PROBLEM STATEMENT: Starting at the line that contains "새 규정은 미국 내에" and stopping after the line that contains "Một nhóm hành", transcribe the listing below exactly; do not include any pictures.

WORKING DATA:
·····

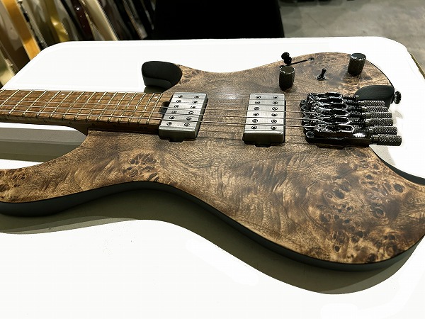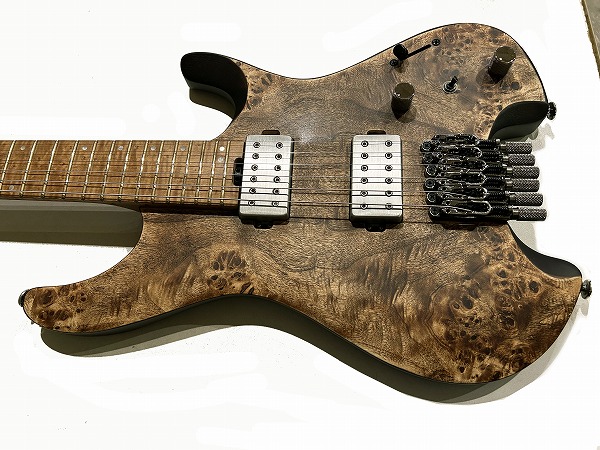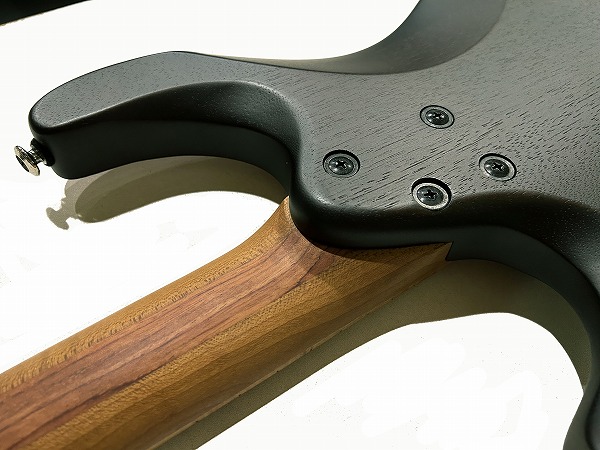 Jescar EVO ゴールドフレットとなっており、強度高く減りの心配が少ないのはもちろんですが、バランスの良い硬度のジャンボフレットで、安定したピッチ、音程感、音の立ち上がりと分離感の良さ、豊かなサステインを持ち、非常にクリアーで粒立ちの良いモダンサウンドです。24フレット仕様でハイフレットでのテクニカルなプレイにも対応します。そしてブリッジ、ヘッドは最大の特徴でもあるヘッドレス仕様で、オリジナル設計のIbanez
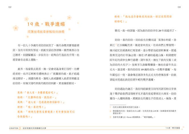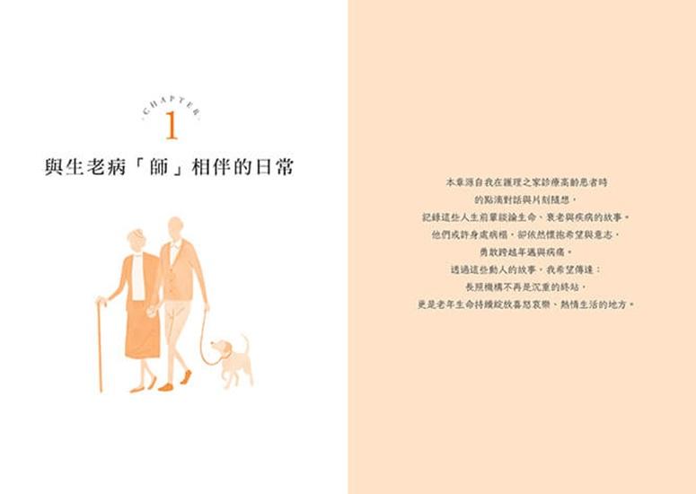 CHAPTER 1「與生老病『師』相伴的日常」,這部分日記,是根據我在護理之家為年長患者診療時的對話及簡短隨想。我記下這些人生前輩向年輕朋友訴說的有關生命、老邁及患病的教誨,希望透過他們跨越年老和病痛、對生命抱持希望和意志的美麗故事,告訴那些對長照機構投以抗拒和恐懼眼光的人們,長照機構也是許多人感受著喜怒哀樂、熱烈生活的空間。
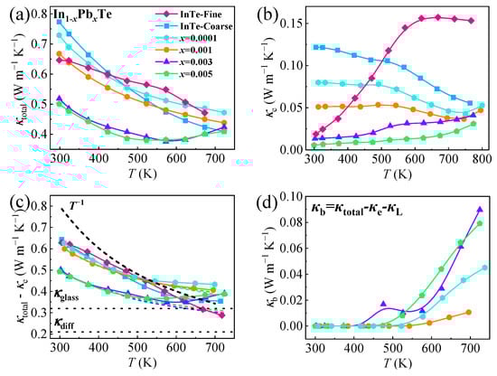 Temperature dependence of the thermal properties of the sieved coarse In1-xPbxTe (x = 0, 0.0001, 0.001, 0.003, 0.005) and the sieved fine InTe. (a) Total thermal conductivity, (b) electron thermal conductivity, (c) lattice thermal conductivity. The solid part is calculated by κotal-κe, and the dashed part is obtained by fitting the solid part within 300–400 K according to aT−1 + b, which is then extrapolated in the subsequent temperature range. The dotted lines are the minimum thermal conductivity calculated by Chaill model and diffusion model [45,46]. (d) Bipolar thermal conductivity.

·····

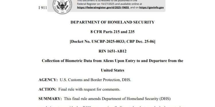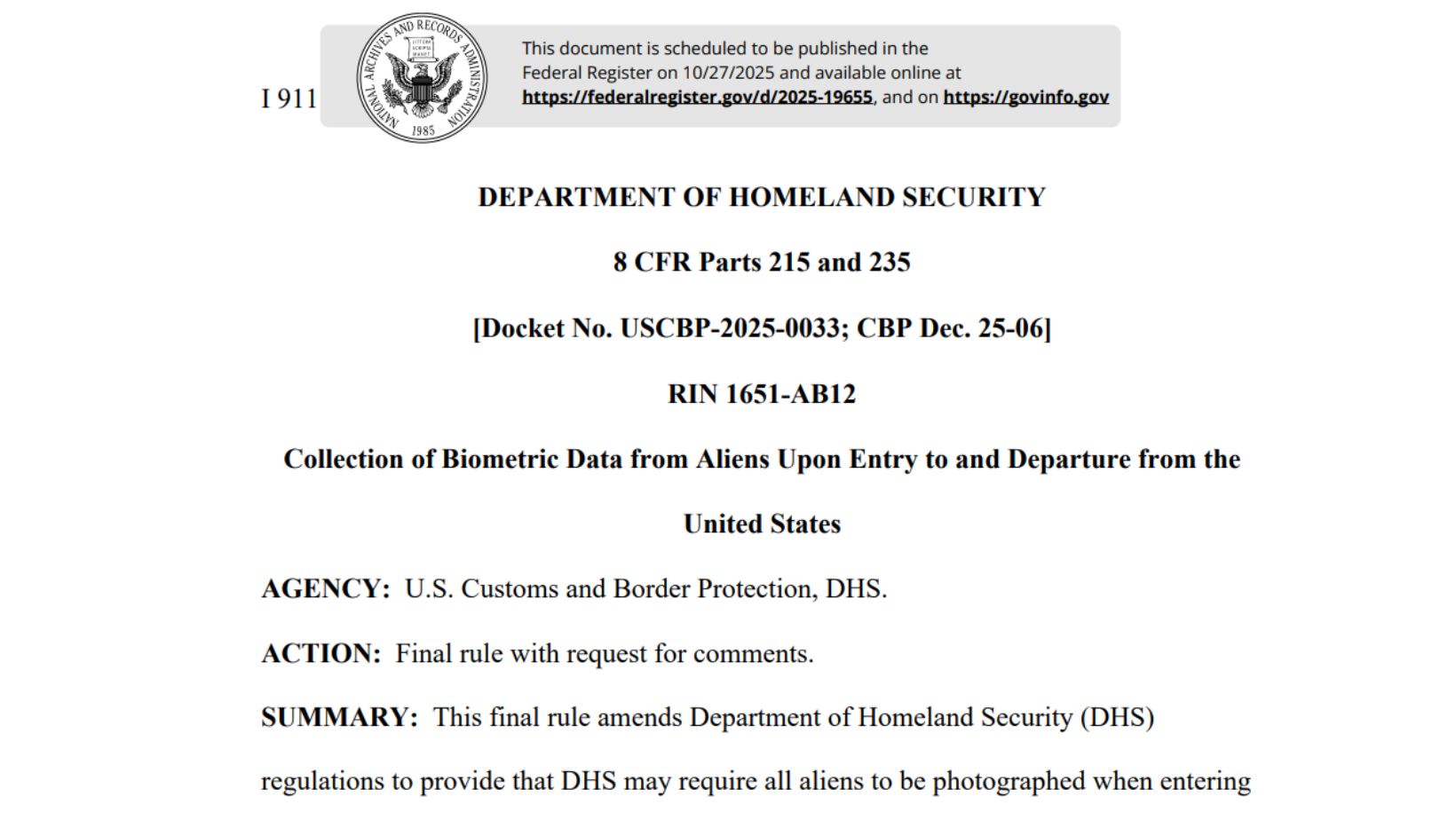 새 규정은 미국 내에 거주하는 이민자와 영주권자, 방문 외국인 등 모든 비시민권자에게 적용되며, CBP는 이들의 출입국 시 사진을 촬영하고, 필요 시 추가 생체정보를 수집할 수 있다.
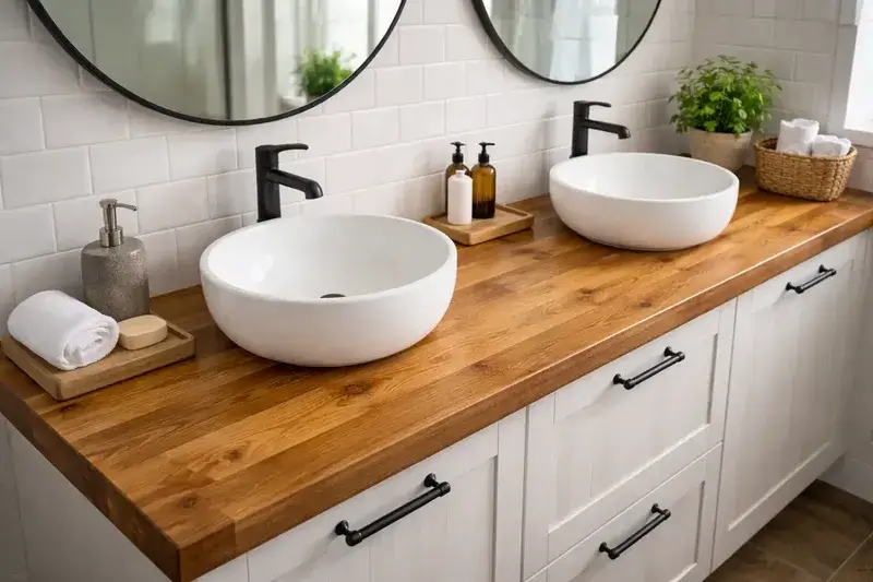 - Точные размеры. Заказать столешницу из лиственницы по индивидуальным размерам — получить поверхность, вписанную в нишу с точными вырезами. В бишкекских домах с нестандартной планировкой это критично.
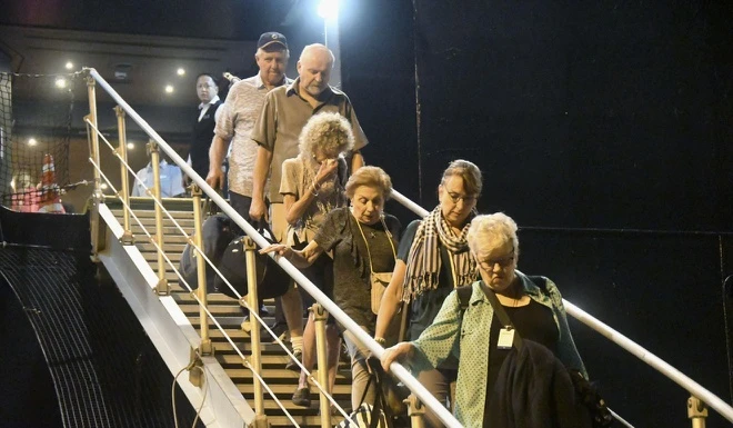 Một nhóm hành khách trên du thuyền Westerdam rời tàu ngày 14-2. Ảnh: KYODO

·····

REPLY TO THE EXERCISE:
 새 규정은 미국 내에 거주하는 이민자와 영주권자, 방문 외국인 등 모든 비시민권자에게 적용되며, CBP는 이들의 출입국 시 사진을 촬영하고, 필요 시 추가 생체정보를 수집할 수 있다.
 - Точные размеры. Заказать столешницу из лиственницы по индивидуальным размерам — получить поверхность, вписанную в нишу с точными вырезами. В бишкекских домах с нестандартной планировкой это критично.
 Một nhóm hành khách trên du thuyền Westerdam rời tàu ngày 14-2. Ảnh: KYODO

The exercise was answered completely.